Wanita dari Suku Karen mewajibkan dirinya untuk memanjangkan leher dengan tumpukan kawat dari kuningan. Wanita Suku Karen menganggap semakin panjang leher mereka, maka akan semakin cantik di mata pria. Jadi, mereka melakukan tradisi ini sejak masih gadis agar lehernya tampak lebih panjang.
Sama seperti suku Dayak, yang menambah logam di telinga mereka tiap tahunnya, wanita dari suku Karen juga menambah jumlah kuningan di lehernya seiring dengan bertambahnya usia mereka. Wanita Suku Karen juga tak boleh melepas tumpukan kawat yang mereka pakai meski sedang melakukan aktivitas.
Selain di leher, logam kuningan ini juga dipakai di kaki dan tangan. Kalung besi ini baru dilepas ketika menikah, melahirkan, meninggal dunia, atau ketika akan dibersihkan. Kalung besi ini juga punya fungsi lain selain sebagai aksesoris yang menambah kecantikan suku Karen, yaitu agar terhindar dari serangan binatang buas. Dahulu, suku Karen hidup di pedalaman sehingga tak heran jika mereka sewaktu-waktu bisa bertemu dengan hewan-hewan buas.

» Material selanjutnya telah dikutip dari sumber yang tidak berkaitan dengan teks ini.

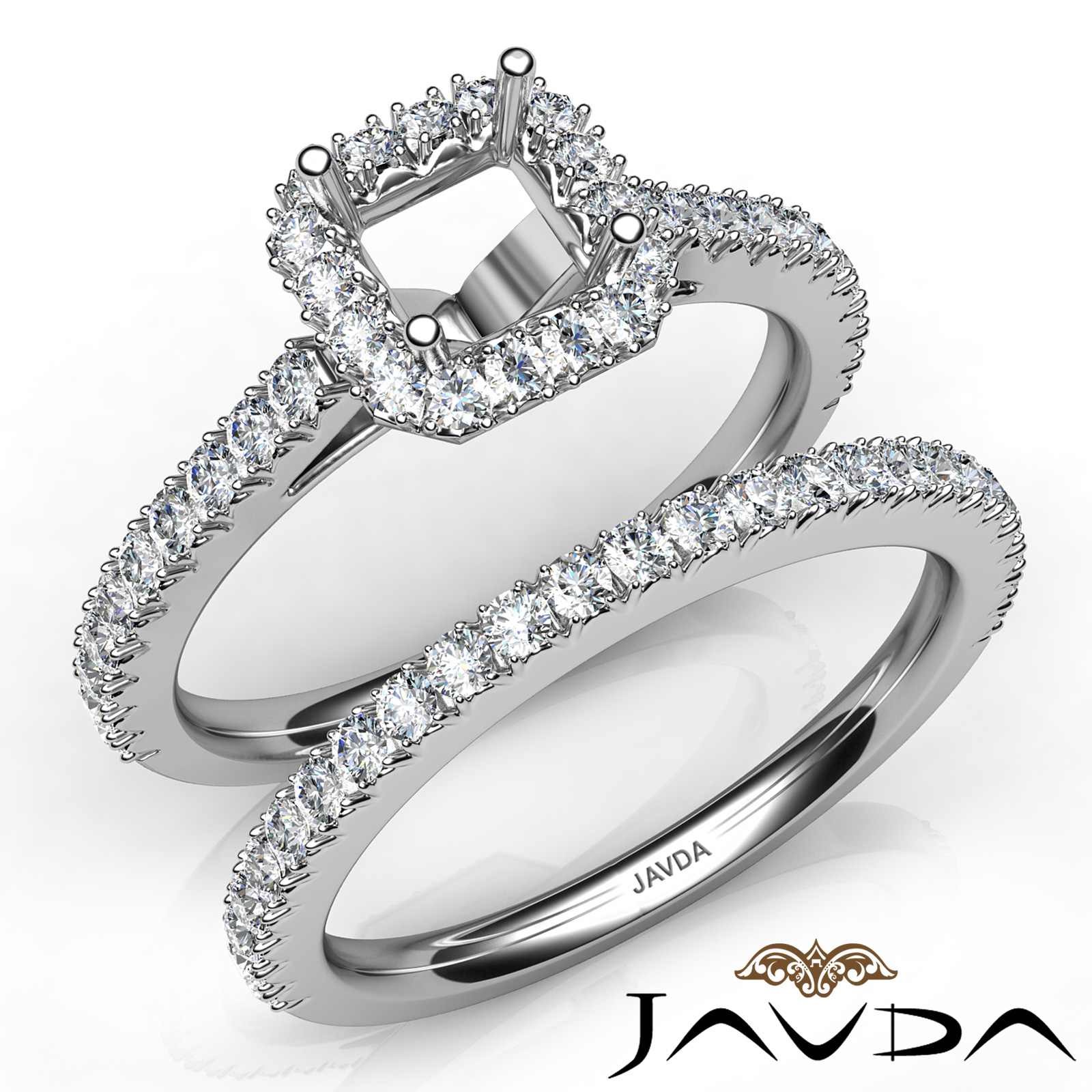 Gorgeous with a touch of vintage, this Platinum 950 semi mount asscher engagement ring and matching band, features french cut pave round set diamonds. This bridal set weighs . (1.5Ct. tw.)

Sekedar info, suku Karen sebenarnya bukan suku asli Thailand, melainkan berasal dari dataran tinggi Tibet. kemudian mereka pindah ke Myanmar tepatnya di Karen State yang berbatasan langsung dengan Thailand. Beberapa etnis pindah ke Thailand karena bentrok dengan pemerintah setempat. Suku Karen menganut animisme, tetapi kini sebagian kecil dari mereka menganut agama Kristen.
Suku Himba
Suku Himba disebut juga dengan istilah "suku merah" yang berasal dari Namibia Utara. Selain warna kulitnya yang merah, keunikan lain dari suku ini adalah kriteria cantiknya. Wanita dari suku Himba ini dikenal tak pernah mandi dengan air. Meski demikian, wanita dari suku ini dikenal sebagai wanita tercantik di Afrika.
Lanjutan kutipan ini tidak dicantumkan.